▸ Input data:
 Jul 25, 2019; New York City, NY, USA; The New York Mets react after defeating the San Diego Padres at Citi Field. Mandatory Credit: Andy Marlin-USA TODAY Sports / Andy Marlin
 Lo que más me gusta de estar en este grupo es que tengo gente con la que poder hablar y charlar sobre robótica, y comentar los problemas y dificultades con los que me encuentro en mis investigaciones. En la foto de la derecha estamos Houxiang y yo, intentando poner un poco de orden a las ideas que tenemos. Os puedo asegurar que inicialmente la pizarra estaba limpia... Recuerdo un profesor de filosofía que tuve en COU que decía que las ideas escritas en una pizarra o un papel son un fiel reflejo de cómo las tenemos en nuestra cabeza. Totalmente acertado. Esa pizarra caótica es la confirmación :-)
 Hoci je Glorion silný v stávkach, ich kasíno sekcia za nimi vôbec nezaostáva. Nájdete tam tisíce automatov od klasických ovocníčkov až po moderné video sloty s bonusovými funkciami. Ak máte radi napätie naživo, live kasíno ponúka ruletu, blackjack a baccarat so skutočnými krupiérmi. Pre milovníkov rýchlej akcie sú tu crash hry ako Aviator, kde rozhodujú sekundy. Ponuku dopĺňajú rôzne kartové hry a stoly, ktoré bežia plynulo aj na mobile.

---

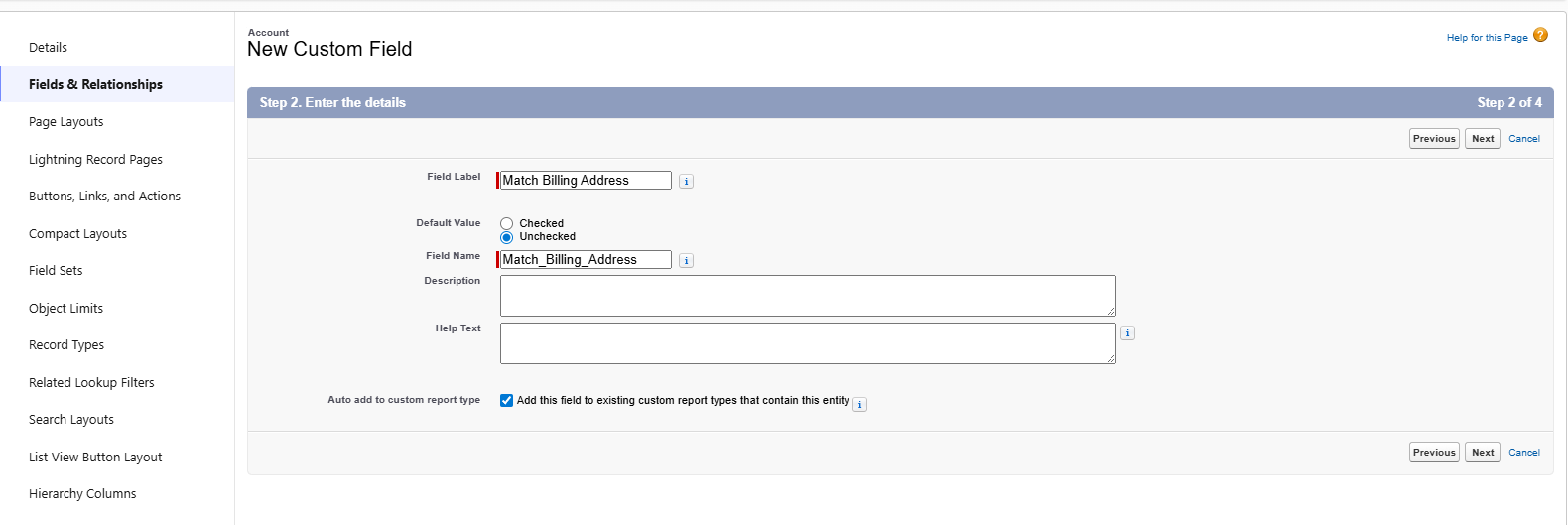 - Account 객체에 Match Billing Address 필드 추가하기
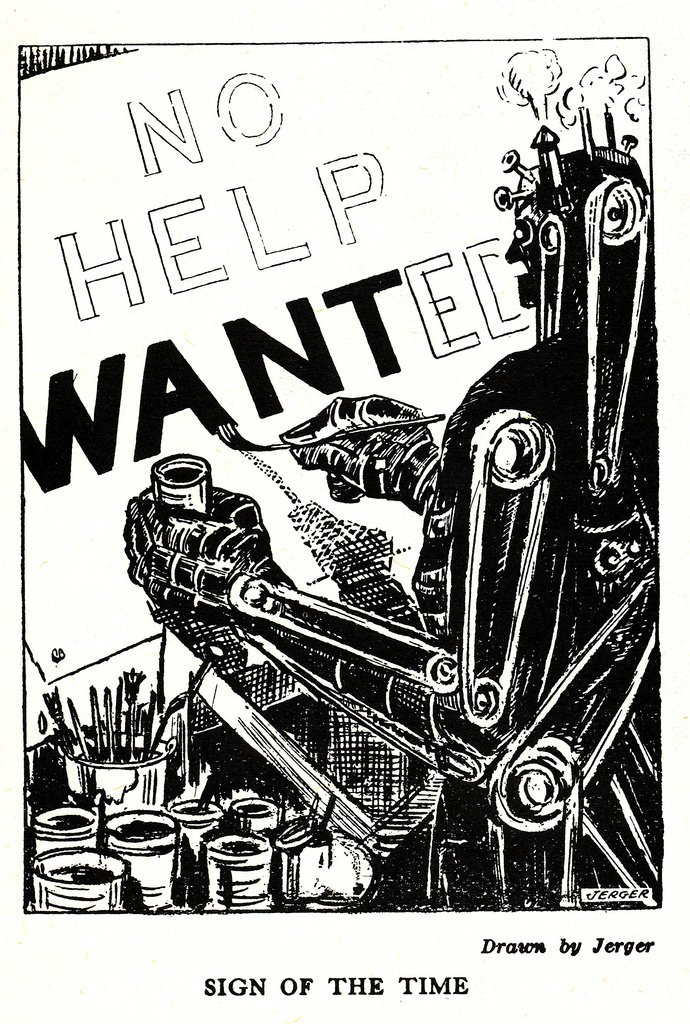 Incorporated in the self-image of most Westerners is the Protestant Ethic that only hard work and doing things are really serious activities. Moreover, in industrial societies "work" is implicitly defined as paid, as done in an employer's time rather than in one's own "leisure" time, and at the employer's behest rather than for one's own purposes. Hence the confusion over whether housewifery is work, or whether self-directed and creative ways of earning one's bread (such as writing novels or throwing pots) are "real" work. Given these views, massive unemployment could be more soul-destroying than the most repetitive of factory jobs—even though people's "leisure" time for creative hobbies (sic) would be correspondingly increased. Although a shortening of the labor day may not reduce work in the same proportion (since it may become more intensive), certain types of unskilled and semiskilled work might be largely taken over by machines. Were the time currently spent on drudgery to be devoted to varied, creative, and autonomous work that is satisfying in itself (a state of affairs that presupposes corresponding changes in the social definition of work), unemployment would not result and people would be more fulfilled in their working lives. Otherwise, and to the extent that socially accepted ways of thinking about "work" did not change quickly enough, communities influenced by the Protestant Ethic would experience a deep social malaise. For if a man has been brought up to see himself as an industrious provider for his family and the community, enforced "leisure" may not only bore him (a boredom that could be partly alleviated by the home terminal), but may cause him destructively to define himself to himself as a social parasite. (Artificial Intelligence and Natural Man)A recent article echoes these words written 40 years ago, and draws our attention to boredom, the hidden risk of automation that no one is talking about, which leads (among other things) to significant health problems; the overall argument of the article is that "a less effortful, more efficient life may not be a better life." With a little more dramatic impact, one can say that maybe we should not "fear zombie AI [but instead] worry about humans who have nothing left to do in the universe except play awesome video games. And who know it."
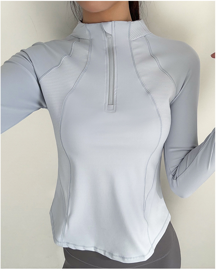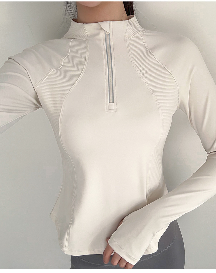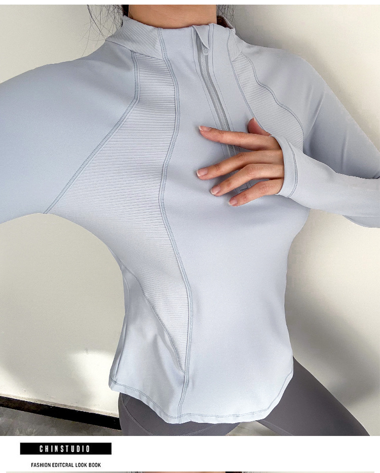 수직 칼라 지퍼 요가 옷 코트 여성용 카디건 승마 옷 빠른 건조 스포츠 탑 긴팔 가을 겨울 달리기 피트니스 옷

==

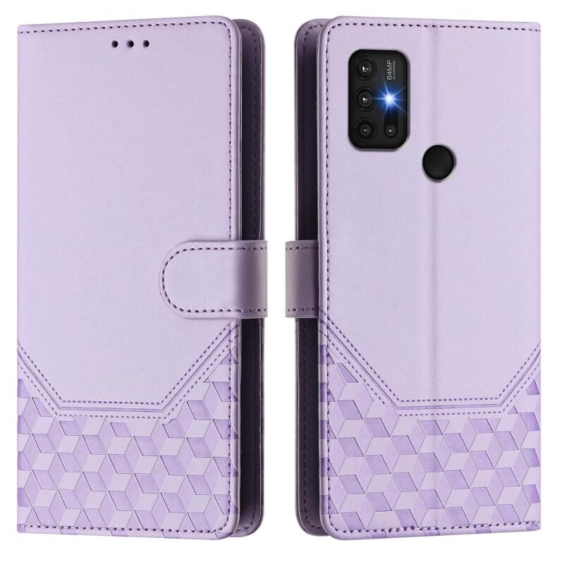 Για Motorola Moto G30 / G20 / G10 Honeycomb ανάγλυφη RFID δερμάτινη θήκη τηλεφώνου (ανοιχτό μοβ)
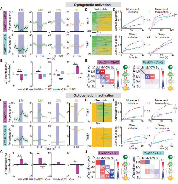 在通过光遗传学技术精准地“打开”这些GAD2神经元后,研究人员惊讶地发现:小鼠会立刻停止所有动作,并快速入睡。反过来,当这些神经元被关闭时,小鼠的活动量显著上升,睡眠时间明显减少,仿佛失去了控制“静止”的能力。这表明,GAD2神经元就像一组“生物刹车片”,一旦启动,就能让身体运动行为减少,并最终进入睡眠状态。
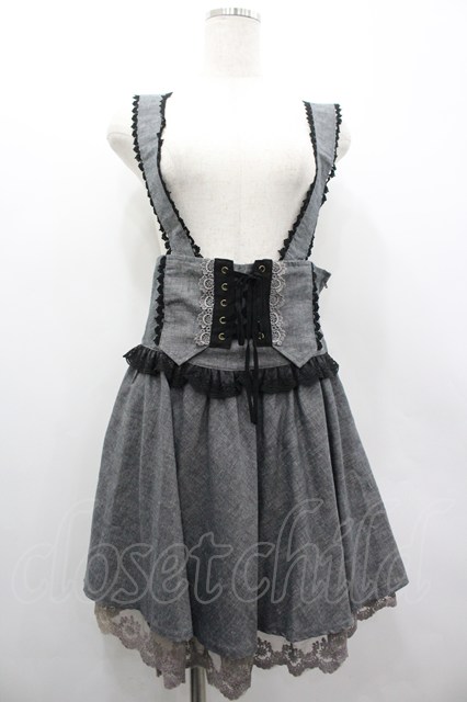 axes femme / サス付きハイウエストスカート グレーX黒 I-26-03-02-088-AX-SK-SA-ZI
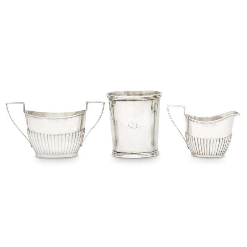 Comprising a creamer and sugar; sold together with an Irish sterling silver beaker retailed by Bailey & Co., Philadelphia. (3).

▸ Exercise: Up in the listing, locate the line with "axes femme /"; print it and every line after it down to the line with "Comprising a creamer", which is included too. Skip the pictures.

▸ Completed task:
 axes femme / サス付きハイウエストスカート グレーX黒 I-26-03-02-088-AX-SK-SA-ZI
 Comprising a creamer and sugar; sold together with an Irish sterling silver beaker retailed by Bailey & Co., Philadelphia. (3).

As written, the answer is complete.